Although the strategies are vastly different, the results at both institutions have been remarkably similar. Last year Itaú boosted its net income, excluding extraordinary items, by 15.9 percent, to 7.18 billion reais ($4 billion); consumer lending led the way with a 34.8 percent increase, paced by strong growth in credit cards and auto loans. Bradesco, meanwhile, posted a 13.3 percent rise in earnings, to R$7.21 billion.
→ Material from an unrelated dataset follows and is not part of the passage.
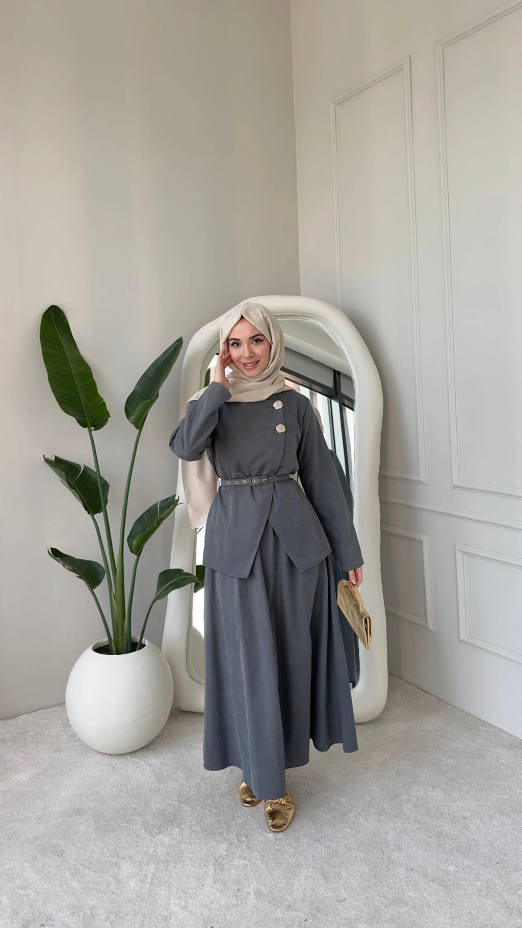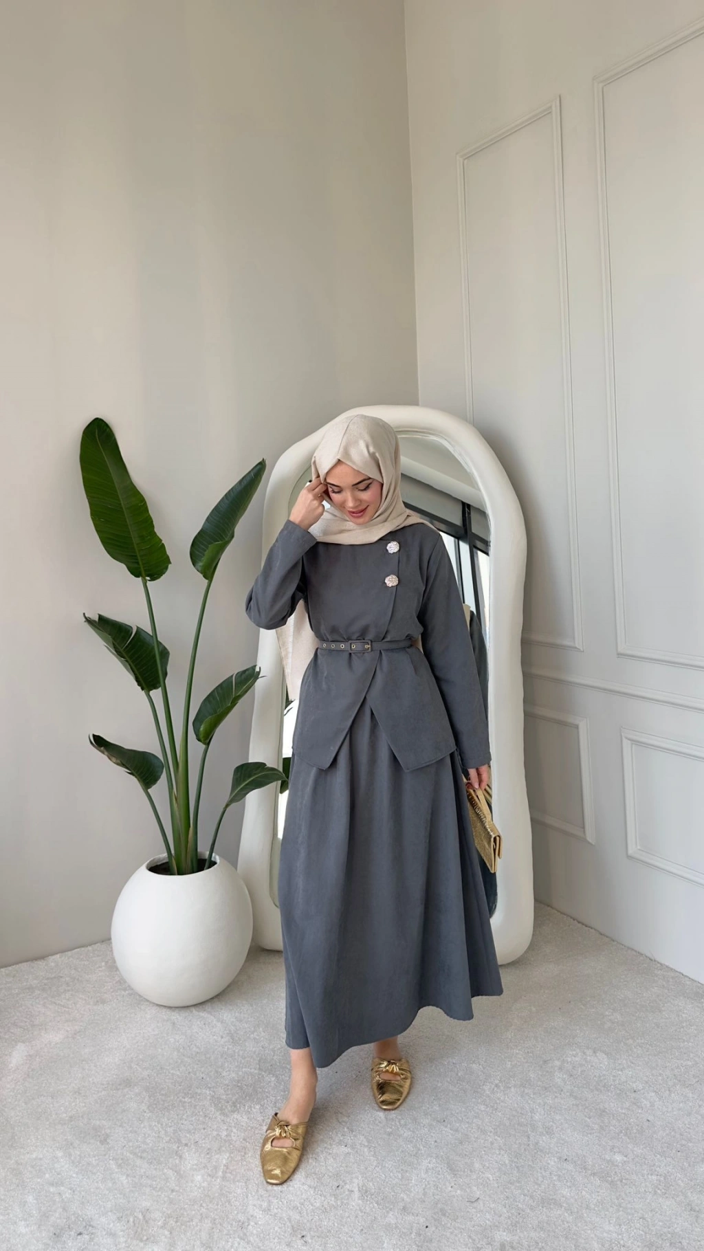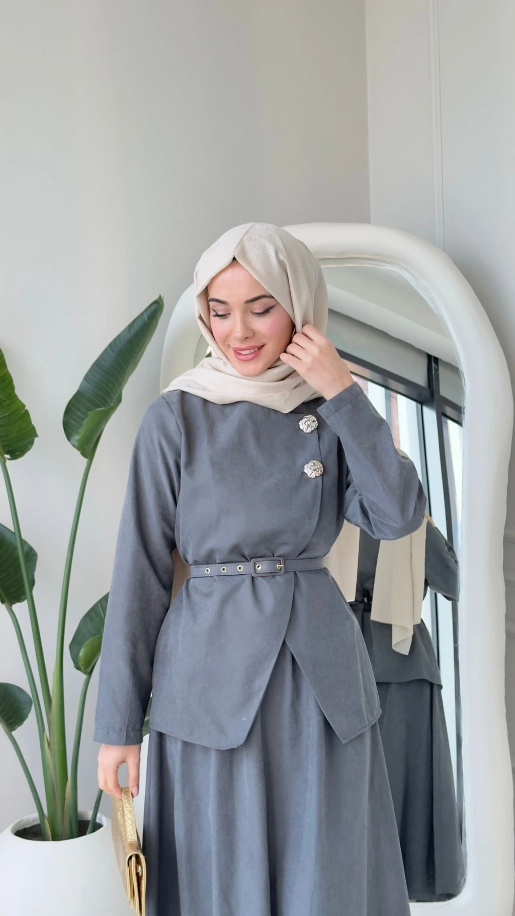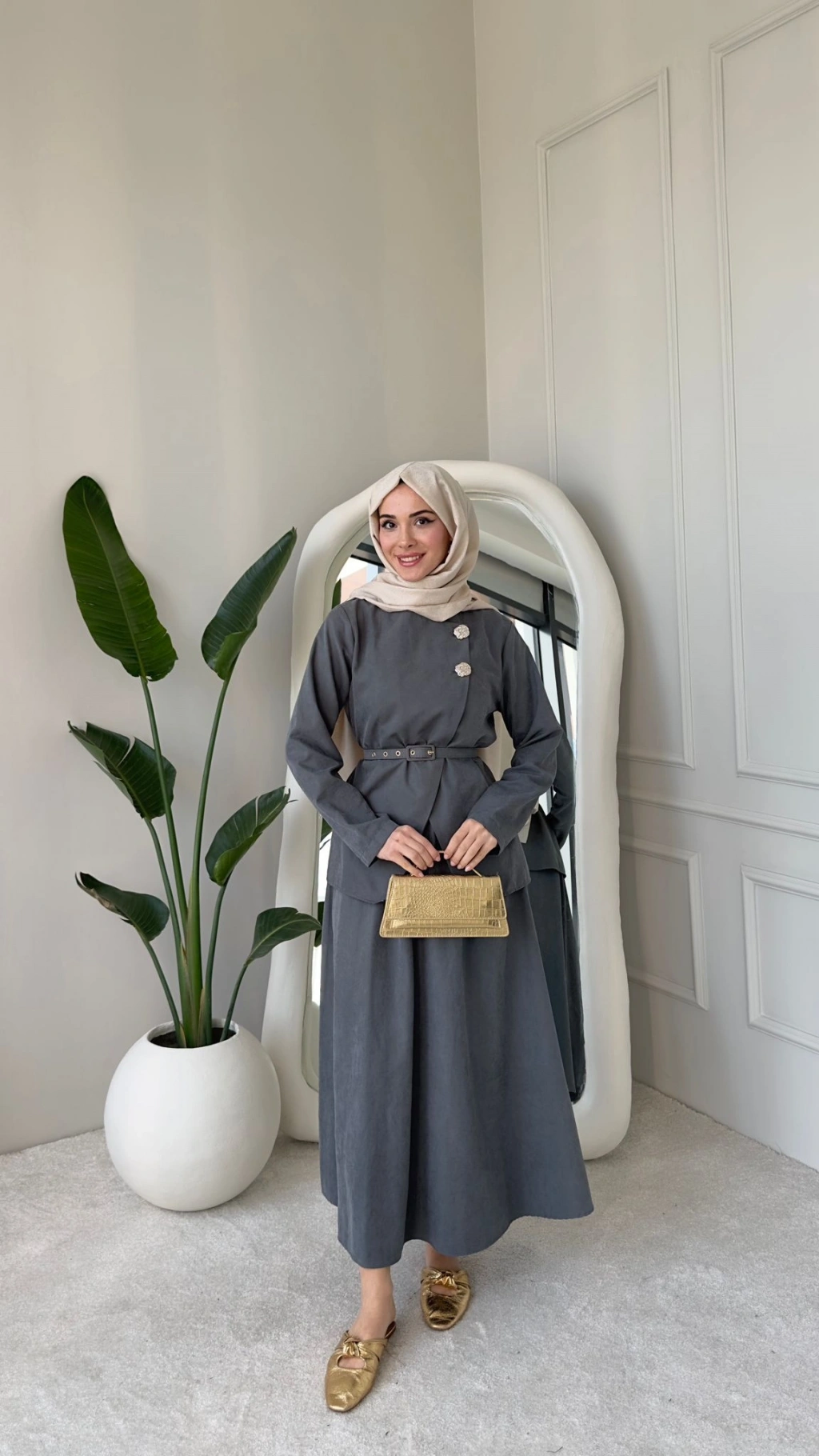 Nevra Çift Düğmeli Kemerli Etekli Takım - Gri

In terms of market capitalization, Bradesco ranks 17th among the world’s banks, and Itaú is 20th. At a time when the share prices of global banks have been hammered by concerns about the worsening credit crisis, the Brazilians have benefited from strong performance at home and a continued appetite from international investors. Bradesco’s share price climbed 6.77 percent over the past 12 months, to R$44.13 on March 26, giving the bank a market value of R$101.8 billion, or $58.4 billion; Itaú’s shares rose 9.48 percent over the same period, to R$41, giving it a value of R$98.6 billion, or $56.6 billion. By contrast, Citigroup’s market cap has plummeted from $260 billion to $118 billion.

Thus far, says Mario Pierry, a New York–based banking analyst for Deutsche Bank, “the Brazilian banks have come out of the global financial crisis unscathed.” Unlike U.S. and European financial institutions, says Setúbal, “Brazilian banks haven’t been affected at all by the subprime crisis — we have no assets in that business.” Moreover, Brazilian banks enjoy high liquidity, a good funding profile (with less than 10 percent of revenues and profits coming from abroad) and continued prospects of high lending growth. This rosy scenario could change if global prices for Brazilian minerals and agricultural commodities — key factors in the country’s recent GDP growth — fall because of a worldwide recession. But for now Brazil’s banks are strong on all fronts. Itaú and Bradesco have BBB– ratings from Standard & Poor’s — higher than the BB+ rating it gives to Brazil.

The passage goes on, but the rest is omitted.